T’Pol: From my perspective, this was the story of an individual persecuted by humans because he was different.
Tucker: That’s one way of looking at it.
T’Pol: In many ways, the film seemed quite prophetic. The reaction of the villagers, for example. It was similar to the reception Vulcans received after landing on Earth.
Archer: I don’t recall anyone greeting a Vulcan ambassador with torches and pitchforks.
T’Pol: Nevertheless, many humans reacted with fear and anger.

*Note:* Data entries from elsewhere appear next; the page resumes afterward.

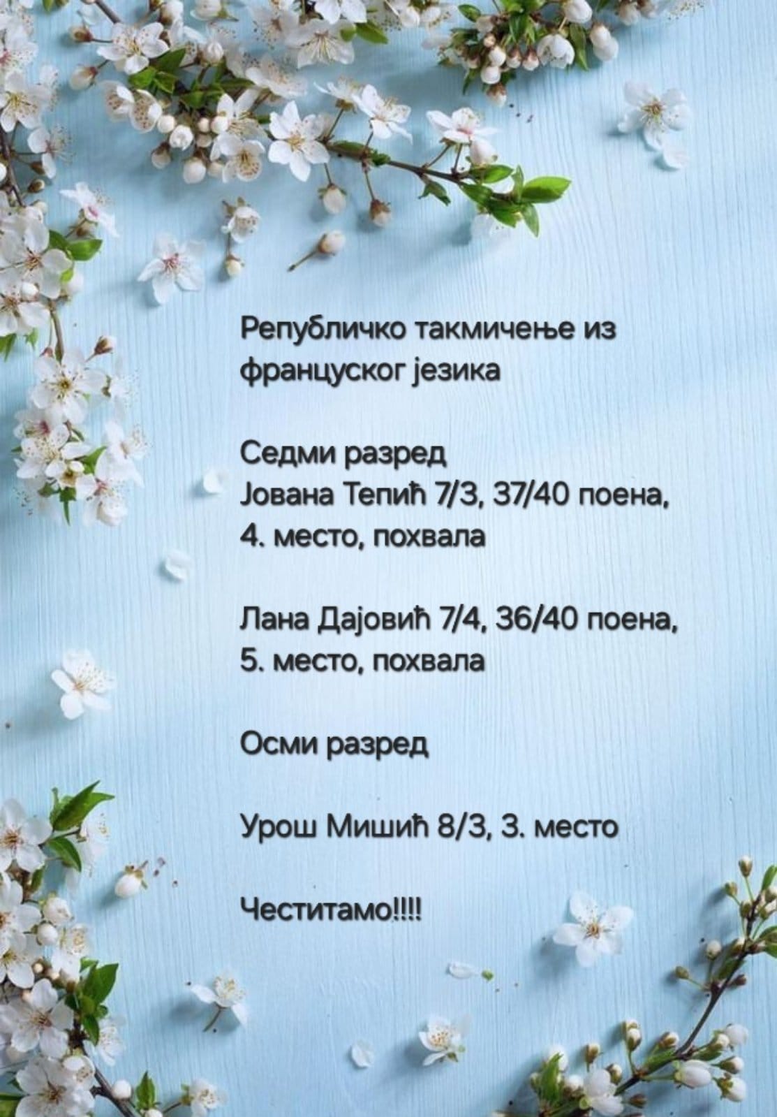 Вести, Такмичења 6. април 2024. Републичко такмичење из француског језика Све честитке ученицима и наставници француског језика Марини Драгић! Поделите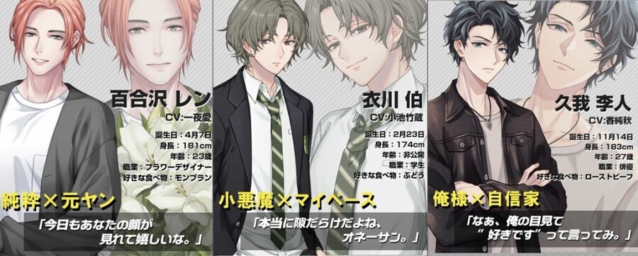 職業が俳優のさわやかイケメンの久我李人(声優:香純秋)、元ヤンキーだったが今は花屋で働いている癒やし系イケメン百合沢レン(声優:一夜愛)など、個性豊かなカレが数多く登場します。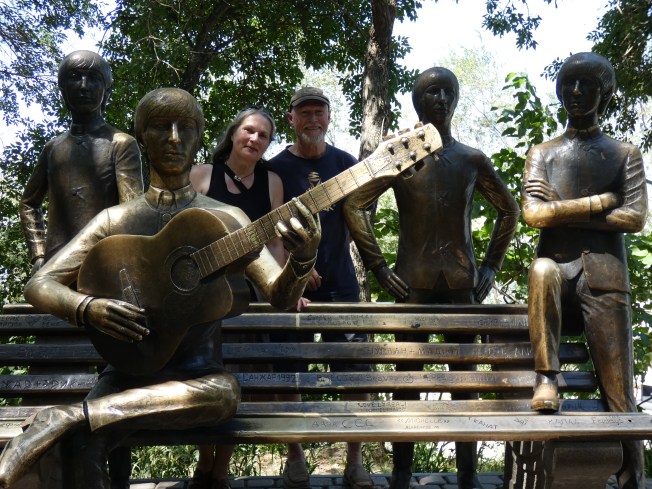 On the 5th of August we set off for Almaty, 1200 kms away, intending to stay in Balkash about half way. Started the day with all monetary systems in the hotel down, so Tom and Marian set off to find an atm that would work so we could pay our hotel bill before leaving. Mission accomplished. We set off on an excellent four lane highway for the first couple of hours, taking us to Karaganda….then we hit a rough cross over from the highway to a busy two way road…still in pretty good condition, but very busy with many commercial trucks make progress and passing difficult.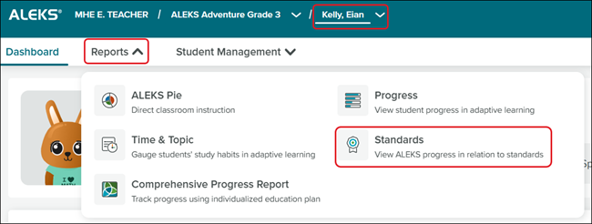It can also be accessed by selecting a student's name from the Student drop-down at the top of ALEKS after selecting a class, clicking on Reports, and selecting Standards from the menu.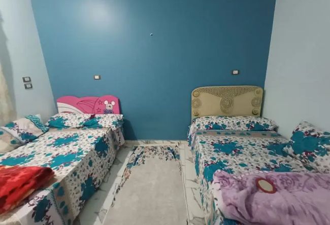شقة مفروشة ٣ غرف وصاله وحمام ومطبخ اول بلاكونه . بها تلاجه وغساله نص فول وبوتجاز وسخان وركنه و٥ سراير ودولابات فرش كامل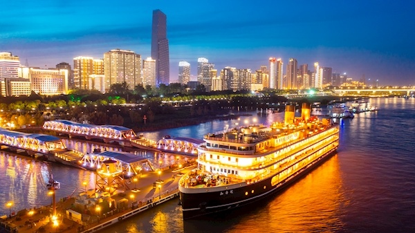 “知音号”这个周末也是场场爆满,夜间单场接待游客超600人,为此,周六特增开双场演出,比往年的双场开放时间提早一个月有余。夜幕降临时,“知音号”与两江四岸的灯光如期亮起,一声汽笛鸣响,身着旗袍长衫的演员们相继登场,迅速将大家带入上个世纪活色生香的老武汉,沉醉在一场新奇的视听盛宴中。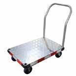 • A spring loaded foot operated lever tilts the wheel axle into the best position for lifting and moving the load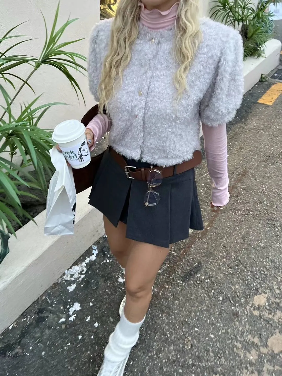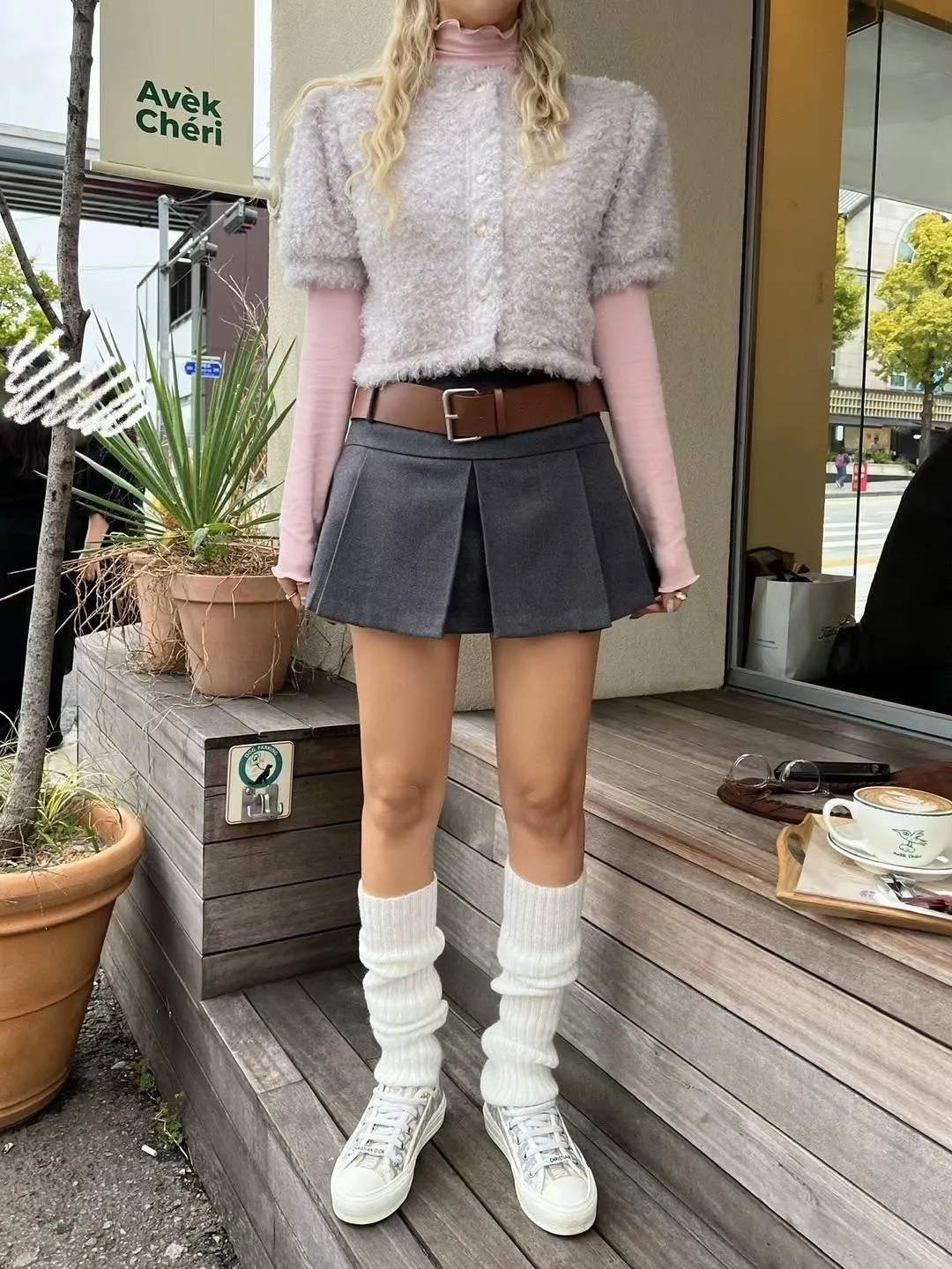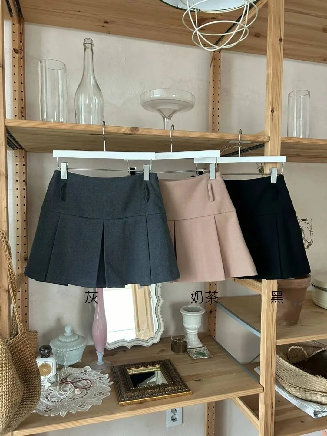 GD295寬百摺短褲裙 灰 黑 奶茶 S M 官網價$1090 線上價$1060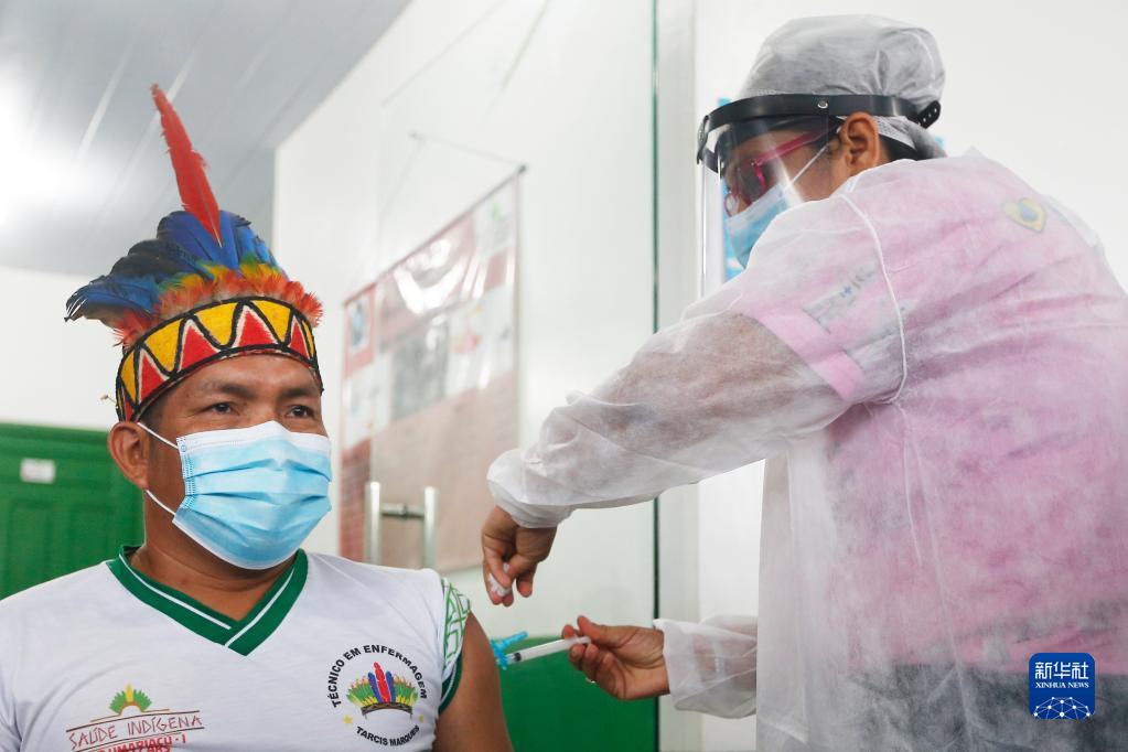 醫(yī)護(hù)人員在巴西亞馬孫州塔巴廷加市為一名原住民接種中國新冠疫苗(2021年1月19日攝)。新華社發(fā)(盧西奧·塔沃拉攝)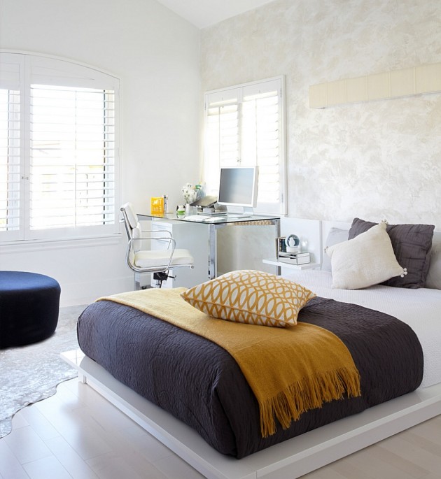 Making work space in your bedroom is a lot easier than you think. You can set some work table in any corner of your bedroom. You need to find some comfortable chair, who will provide excellent grip on your back. On the edge of the table, you can set some lamp for extra light, and you bedroom workspace is nearly done. See our fascinating proposals and find inspiration!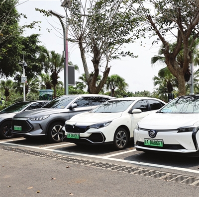 在博鳌亚洲论坛国际会议中心停车场拍摄的新能源车。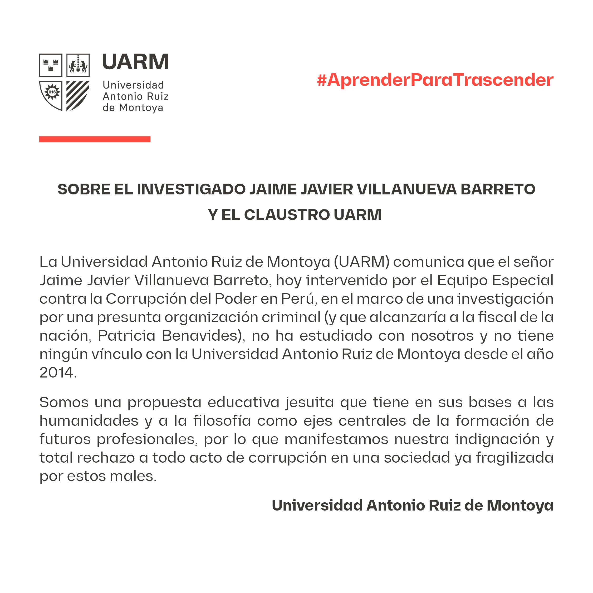 Sobre el investigado Jaime Javier Villanueva Barreto y el claustro UARM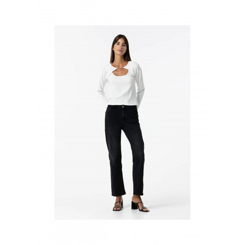 Camiseta de tacto suave con manga larga. Detalle aberturas con aplique dorado. Composición 72% Poliester 25% Viscosa 3% Elastano ***DISPONIBLE ONLINE O RECOGIDA EN TIENDA***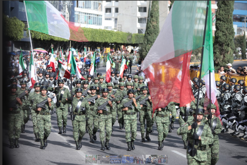 El paso de los contingentes comenzó con la participación de 14 oficiales del Ejército Mexicano, 733 de tropa con tres banderas monumentales y cinco estandartes, 79 conscriptos, 53 vehículos y cuatro binomios caninos.

She suggests showing the film to Ambassador Soval because it might help Vulcans who’ve recently arrived on Earth understand humans. She’s probably at least partly trying to get at Archer and Trip. She’s got to know they’d be defensive about that. But it’s also a legitimate perspective and they did ask her repeatedly what she thought of the movie she really didn’t even want to see.
So their response?
Archer: “Maybe inviting her to movie night wasn’t such a great idea.”
Yeah, ’cause dismissing everything someone says and talking about them in the third person while they’re in the room with you is exactly the way to show you’re tolerant of differences!
Blerg. Can someone give me a heads-up if there are any episodes this bad to T’Pol in Season 3?
Bechdel-Wallace Test: Fail. There are four named women characters (Rianna, Nora, Hoshi and T’Pol) but none of them talk to each other.